C’est avec leur bébé âgé de maintenant 3 ans que la troupe est arrivée au festival. Une version théâtrale des chansons de l’auteur-compositrice-interprète: Anne Sylvestre. Sur scène: un guitariste, un mandoliste et surtout deux actrices parfaitement rodées, Katia Redier et Anne Veyry, pour une oeuvre contemporaine drôle et poétique. Nous avons suivi les deux derniers jours de la troupe argenteuillaise à Avignon. Entre espoir et coup de fatigue, bilan d’un mois en terre vauclusienne.
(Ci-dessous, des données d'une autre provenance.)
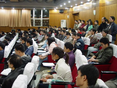 陈同斌研究员从超富集植物的概念出发,介绍了超富集植物的判断标准及由超富集植物而发展起来的植物修复技术,阐述了砷污染土壤的毒害及砷超富集植物蜈蚣草对砷的富集特征和研究现状,展示了其课题组在国内开展的砷污染修复工程进展情况。报告内容翔实,资料丰富,给在场师生留下了深刻的印象。其渊博的知识和生动的讲解也博得了师生的热烈掌声。

 Difficile de se faire remarquer parmi la foule des tracteurs. Ici c’est une concurence pure et parfaite qui fait rage, et la chasse aux spectateurs c’est la mission de Charlotte, la benjamine de la compagnie Baba Yaga. Rivalisant d’originatlité pour attirer le public, les troupes Off usent d’échasses ou encore d’une cariole au pianiste virtuose. "Il faut absolument venir tous les ans pour se montrer", lance Charlotte. "Pour une heure de tractage, c’est environ quatre spectateurs", estime t-elle et d’ajouter, "c’est le bouche à oreille qui fonctionne ici". Il faut dire qu’à Avignon, c’est le supermaché pour les programmateurs. Les compagnies de la France entière le savent. Cette année encore, elles sont venues plus nombreuses.

C’est l’heure de l’apéro, la troupe vient de quitter la salle du petit Louvre pour leur avant-dernière représentation. Sous le soleil d’Avignon le mistral tempère la chaleur en cette fin d’après midi, et  comme à leur habitude, en terrasse place Crillon, les huit accolites débriefent. "Ils étaient 11 dans la salle ce soir" lache grimaçant David Ruellan, comédien et metteur en scène . "Dur, dur" en cette dernière semaine, les festivaliers ont quelque peu déserté les lieux. "Au début ils s’arrachaient les tracts, ils venaient les chercher dans nos mains" explique un membre de la troupe. Il faut dire que lors des deux premières semaines, Nous Sommes de Celles affichait presque complet, remplissant à quelques sièges près, la petite salle de 80 places.

"On se fait même inviter chez les spectateurs"

Une affluence en berne, loin de démoraliser les Argenteuillais: "c’est le seul endroit où l’on peut rencontrer la France entière" explique David Ruellan, ajoutant "ici on a un vrai retour, plus qu’à Paris, on se fait même inviter chez les spectateurs". Mais en cette fin de festival c’est aussi la fatigue qui se fait sentir, et la question financière. Car 25 représentations à Avignon
"ça coute très  cher", une vitrine de près de 40 000€  financée à la débrouille, entre subventions publiques et coups de pouce privés. "Ca cimente la dynamique de création", constate Katia Redier, et d’affirmer: "c’est aussi ici qu’on apprend son métier".

Malgré une oeuvre de qualité et une bonne pub, les petits nouveaux d’Avignon n’ont pas décroché beaucoup de signatures des programmateurs. Une date seulement signée sur place par une programmatrice du Gard. Mais selon leur expérience de l’année passée "les achats se négocient après", entre septembre et décembre. Pour son deuxième festival, Baba Yaga ne repart pas complètement bredouille. Aujourd’hui leur rapport à Avignon a changé, et  la "peur de la grande foire" a disparu. La troupe projette même de jouer un nouveau spectacle pour 2011.